Mata bertemu mata, tangan saling berjabat tangan, sunggingan senyum saling diperlihatkan, dan melontarkan nama masing-masing. Yah itulah tahap awal dari sebuah pertemuan. Canggung memang namun berusaha tepiskan itu. Gurau canda, lengkingan suara terdengar jelas di gendang telinga.  Aku tak menangkap sinyal apapun di awal pertemuan kita, semua berjalan sangat normal. Intensitas pertemuan yang semakin sering menumbuhkan perasaan yang begitu sulit aku jelaskan, kode-kode itu belum dapat aku terjemahkan secara pasti, ya aku tak ingin menerka-nerka itu, aku takut menyimpulkan ini terlalu dini.
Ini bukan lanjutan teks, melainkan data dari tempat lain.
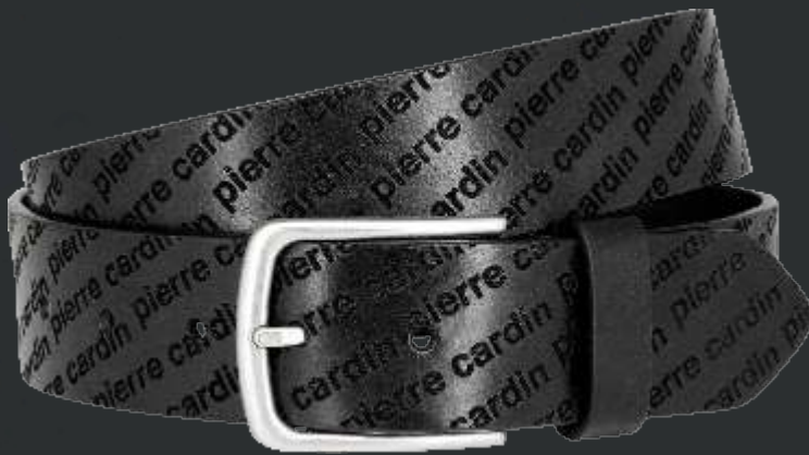
10 schwarz / black
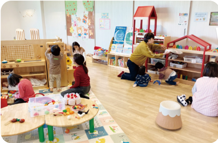
木のぬくもりを感じられる館内は広くてきれい! この日も多くの利用者でにぎわっていました。
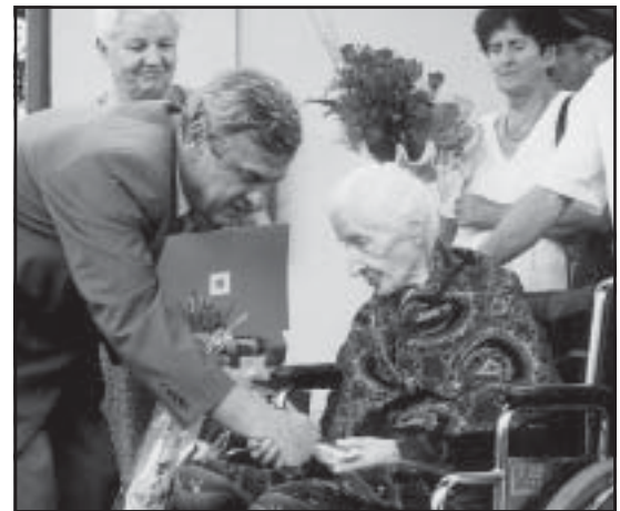
Szacowna jubilatka z Brzezin.
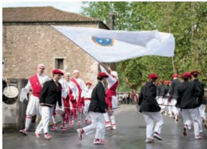
Bandera, lau haizetara, urteotako berrikuntza da. AIURRI

Ya sekali lagi aku takut, aku terlalu takut untuk jatuh kembali oleh perasaan yang seharusnya tak boleh ada.
Aku bertanya pada diriku, apakah yang aku rasa? Sekedar suka, kagum, penasaran, obsesi atau sesuatu yang sulit di deskripsikan dengan wujud abstrak yang tak dapat diukur massanya dan yang membawa kebahagiaan? Entahlah. Sekali lagi aku takut, takut terjatuh atas rasa yang aku bangun sendiri dengan kamu sebagai objeknya. Jika kamu ketahui yang aku rasa setidaknya kamu punya rasa simpatik, itu kasarnya tapi jika tidak , aku hanya membakar diriku saja, aku yang lelah mempikanmu, aku yang lelah mengawasi harimu dari kejauhan, aku yang lelah berusaha bersikap biasa dihadapanmu. Begitu berat pikulanku jika aku lakukan sendiri, andai saja semua itu kita lakukan bersama, mungkin itu bukan lagi menjadi beban tetapi menjadi kebahagiaan, untukku dan kamu.